As currently structured, Western Europe under the EU is more akin to the federal structure of the United States, but with a weaker central constitution and body of law (routinely disregarded) and less autonomy for each member state. Yes, there is the election of Members of Parliament of the European Union by the citizens of each state, but those MEPs have little of no actual power. Power is concentrated entirely in the European Council’s central authority and its President, Ursula Von der Leyen- all of whom are appointed rather than elected. And, as recently covered by both Politico and Unherd, although the center-right populist movements of Europe, including France, Italy, Germany and other countries have made great gains in the recent EU parliamentary elections, their growing power was not sufficient to disrupt the reappointment of Ursula Von der Leyen as President of the EU.

Unsurprisingly, upon reappointment, Von der Leyen swiftly moved to consolidate power by controlling the appointments to the European Council, which is the structure that actually makes EU policy and has the power to override any local decisions by the formerly sovereign legislatures of member states. To the surprise of virtually no one paying attention to what has been happening in the EU.

Key references for further reading include the following:


Politico: From queen to empress: Inside Ursula von der Leyen’s power grab

After unveiling her new team, the European Commission president holds more influence than ever.

BRUSSELS — When Ursula von der Leyen unveiled her team for the next European Commission, she simultaneously silenced the doubters about who was really in charge in Brussels.

As she revealed the 26 commissioners and their roles to the public, one point was immediately clear: she would have unfettered control over European Union politics. In a matter of minutes, she introduced a big title with little responsibility for one of the most powerful countries in the European Union, she propped up her buddies, and she diluted powerful portfolios by dividing them among multiple people.

The power grab was complete.

“She will be even more in control of everything,” said one EU official who, like others quoted in this piece, was granted anonymity to speak freely. “Who thought that was even possible?”

It was the culmination of months of public and private strategy to remove the dissenting voices of her first term as European Commission president.

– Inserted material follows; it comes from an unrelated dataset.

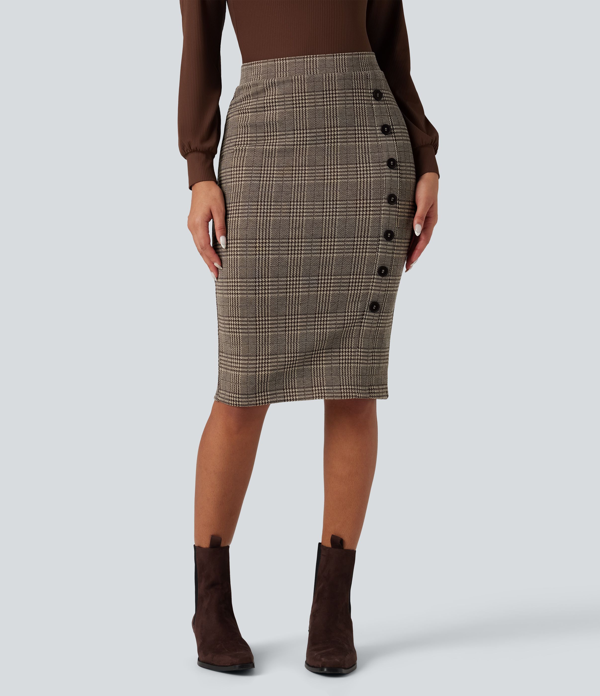 High Waisted Bodycon Houndstooth Plaid Knee Length Work Skirt

From the first team, none of the naysayers remain. Big personalities such as France’s Thierry Breton and the Netherlands’ Frans Timmermans are now gone.

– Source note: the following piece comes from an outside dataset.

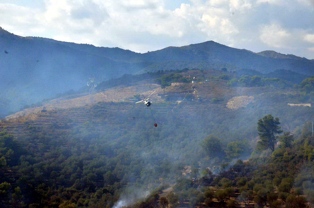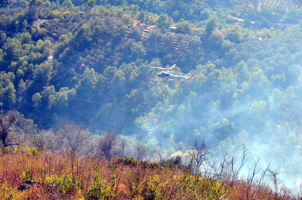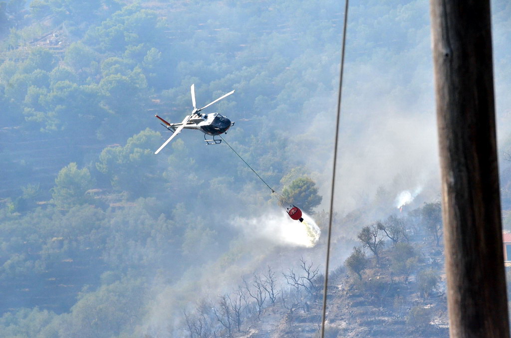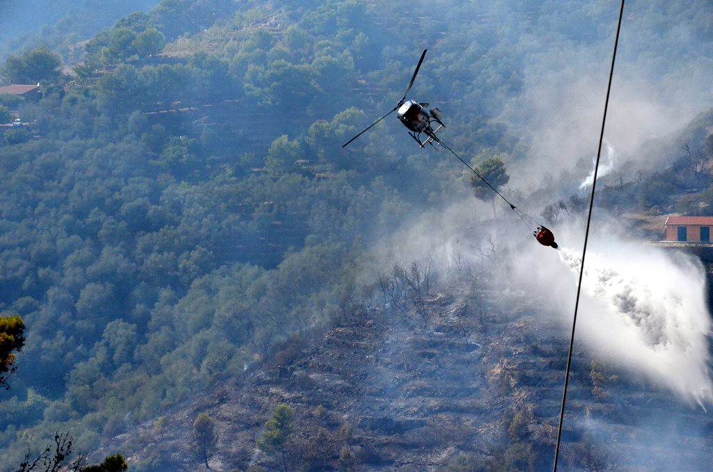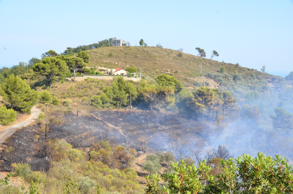 Civezza: vasto incendio vicino alle case in zona '5 burche', intervento degli elicotteri (FOTO e VIDEO)

During her first term — in which she faced a global pandemic and a war on the EU’s doorstep — she developed a reputation for making unilateral decisions, overstepping her job description, cutting other EU leaders out of the decision-making, and speaking only to a handful of advisers. As a result, she gained the nickname Queen Ursula in Brussels.

The morning of von der Leyen’s announcement of her second top team, she refused to tell the European Parliament, her partners in the process of approving commissioners,  who she was assigning to which job. Instead, she left a meeting with the Parliament’s top leaders and went straight into a press conference in which she revealed all the details. She was later accused of “contempt” for the Parliament.

Hours before, she convinced the French she would give their commissioner nominee an exceptionally important job if they swapped out Breton. On Tuesday, as she revealed job descriptions, they realized they’d been bamboozled into a watered-down position.

“Anyone who thought that she could have changed her style, her will to keep tight control, was at the very least naive,” said an EU diplomat.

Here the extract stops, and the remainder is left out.